Previous studies used DFT method to calculate the diffusivity of Cs in bulk 3C-SiC and Σ5 grain boundary9,52, and the calculated values are much lower than the experimental data. In contrast, simulations of Cs diffusion along HEGBs (usually treated as highly disordered structures)5,10 produced results closer to experiments, supporting the validity and rationality of the aSiC based modeling approach in this work. A key innovation of this study lies in the development of MLIPs (MTP-a and MTP-GB) suitable for the aSiC-Cs system and polycrystalline SiC-Cs system. Our potentials enable accurate description of highly disordered atomic environments while enabling long-timescale diffusion simulations with high precision. Our results further support the view that in the SiC layer of TRISO particles, structural features such as locally amorphous regions, irradiation-induced defect clusters, and HEGBs may act as fast diffusion pathways for fission products10,14,53,54,55.

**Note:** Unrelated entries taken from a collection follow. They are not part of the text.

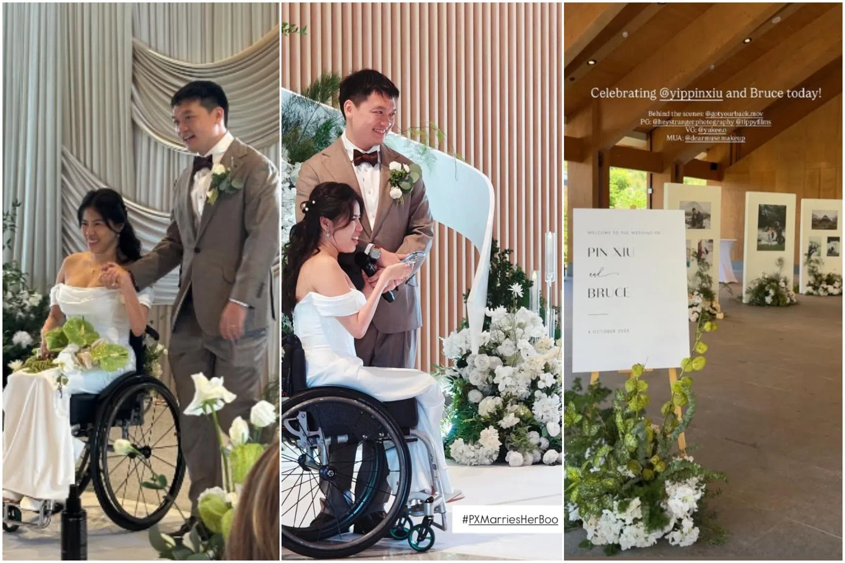 Yip's bridesmaid, former Paralympic swimmer Theresa Goh, said it was a beautiful event, adding: "There were happy tears for me seeing Pin Xiu dressed in white and moving into such an important milestone moment.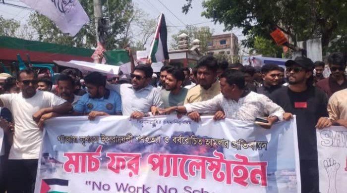সারা বিশ্ববাসীর ন্যায় গাজায় চলমান নৃশংস ইসরায়েলী গণহত্যা বর্বরোচিত হামলা ও মানবতার চরম সীমা অতিক্রম করায়, বিশ্বমানবতা’র বিরুদ্ধে কোনও পদক্ষেপ না গ্রহণ করার প্রতিবাদে পাইকগাছায় মার্চ ফর প্যালেস্টাইন বিক্ষোভ মিছিল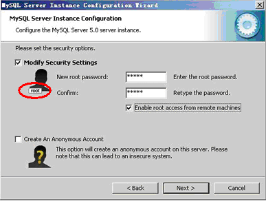 如果打钩项为Modify Security Settings,那么用户默认就是root(画红圈处),后面两个文本框中是root用户的密码,这也就解释了为什么用select * from mysql.user查出的用户只有root了。

It should be pointed out that this study only focuses on the diffusion of Cs in aSiC and polycrystalline SiC containing HEGBs, while real SiC layers exhibit diverse types of grain boundary structures. Unlike HEGBs, coherent grain boundaries (such as Σ3 and Σ5) and low angle grain boundaries feature more ordered atomic arrangements, thus may significantly decrease Cs diffusivities. This omission of diverse grain boundary types also explains why the calculated Deff values in this work are still larger than the experimental values, since real SiC layers contain a lower fraction of HEGBs. Future work could further construct a more complex polycrystalline SiC that incorporates diverse grain boundary types and study the influence of grain boundary types on Cs diffusivity. Furthermore, from an experimental perspective, using characterization techniques such as electron backscatter diffraction to accurately determine the fraction of HEGBs in SiC layers of TRISO particles could also be done.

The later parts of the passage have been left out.